Nul ne sait si la déclaration peu flatteuse de Tim Hunt sur les femmes relevait du trait d’humour ou de la misogynie pure et dure, mais les milliers d’internautes qui s’en sont emparés ne se sont pas posé la question. A peine relayée sur Twitter, la phrase s’est propagée à la vitesse du web pour livrer le scientifique à la vindicte populaire.

Propagation rapide

"C’est un problème", estime Thierry De Smedt, professeur à l’école de communication de l’UCL et spécialiste des réseaux sociaux.

"Voilà un conférencier qui a émis une opinion, commis une maladresse ou lâché une blague pour créer une certaine connivence avec son auditoire, et le sens de cet énoncé ne peut se comprendre que dans le cadre de son intervention. Mais une personne s’en est emparée pour le transférer sur la place publique."

Cyber-lynchage

Dans un monde qui accorde tant d’importance à l’image, voilà qui ressemble fort à une délation. "U n dérapage majeur dans une société marquée par le retour d’une certaine pudibonderie, où ceux qui parviennent à prouver que les autres ont dérapé leur tiennent la dragée haute."

Une sorte de voyeurisme, exacerbé par des réseaux sociaux encore mal utilisés. "Le problème relève moins de Twitter ou de Facebook que de l’attitude de leurs utilisateurs", insiste Thierry De Smedt. "Nous nous comportons un peu comme des enfants de quatre ans qui jouent les censeurs parce que personne ne nous en empêche.
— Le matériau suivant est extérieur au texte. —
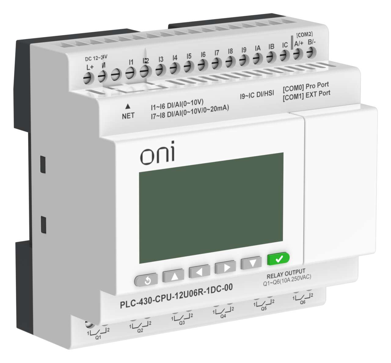 ПЛК 430 Модуль ЦПУ 4 DI 6 UI (0-10 В/DI) 2 UI (0-10 В/0-20 мА/DI) 6 RO 24В DC с Ethernet портом с экраном ONI

N’importe qui peut décider de mettre le feu à un événement et de déclencher un cyber-lynchage uniquement parce qu’il le peut."

Au risque de nous contraindre à mesurer nos moindres faits et gestes sous peine d’être jeté en pâture à la grande communauté du web et d’en payer le prix fort ? "Ce serait une erreur", estime le professeur de communication. "Contrôler en permanence son comportement reviendrait à accepter une forme de censure. Les choses vont évoluer, les gens vont s’éduquer, l’éthique, la morale, et le droit finiront par s’adapter à ces nouveaux outils, et les prochaines générations jugeront certainement notre façon de faire actuelle un peu barbare. Même si cela prendra encore du temps et provoquera inévitablement de fausses alertes, notre capacité à pouvoir tirer la sonnette d’alarme doit être célébrée. Toute notre histoire culturelle nous mène vers plus de démocratie."
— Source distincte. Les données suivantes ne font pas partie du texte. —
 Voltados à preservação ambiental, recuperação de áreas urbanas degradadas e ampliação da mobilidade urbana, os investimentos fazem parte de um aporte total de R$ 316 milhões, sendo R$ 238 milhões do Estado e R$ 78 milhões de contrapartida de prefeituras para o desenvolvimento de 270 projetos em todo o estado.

Ils ont perdu leur emploi sur les réseaux sociaux

Tim Hunt et ses pairs sont loin d’être les seuls à avoir perdu leur job à cause d’une déclaration fracassante effectuée ou reprise sur les réseaux sociaux. Petit passage en revue des cas les plus retentissants.

Luc Trullemans : Fin avril 2013, le "Monsieur Météo" de RTL TVI publie une lettre raciste et islamophobe sur son compte Facebook. Malgré le retrait du message et les excuses publiques rapidement publiées sur Twitter, il est licencié.

Un professeur : Selon les informations de "La Dernière Heure", un professeur du lycée Dachsbeck aurait lui aussi été licencié début juin après avoir tenu une conversation privée sur Facebook avec une élève, dans laquelle il aurait demandé à celle-ci "Pourquoi choisir la religion qui se caractérise par le plus haut taux d’analphabétisme et qui possède le plus grand nombre de pays sous-développés et arriérés ?"

Ten Walls : Programmé dans tous les grands festivals de l’été, le DJ lituanien Ten Walls a perdu son agent, son tourneur et la plupart de ses dates de concert après avoir publié des commentaires violemment homophobes sur son compte Facebook, la semaine dernière.

Justine Sacco : Responsable de la communication pour une grande entreprise informatique, la jeune Américaine a eu la bonne idée d’écrire sur Twitter : "Je pars en Afrique. J’espère que je n’attraperai pas le sida. Non, je rigole, je suis blanche !" avant de s’envoler pour l’Afrique du Sud. A son arrivée, dix heures plus tard, elle a réalisé que son message avait été retweeté par des milliers de personnes, et qu’elle avait perdu son emploi.

Mais la palme revient à une jeune Américaine qui a également eu l’idée de génie de s’épancher sur Twitter où elle a déclaré : "Je commence ce job de merde demain." Message aperçu par son futur patron, qui l’a évidemment remerciée.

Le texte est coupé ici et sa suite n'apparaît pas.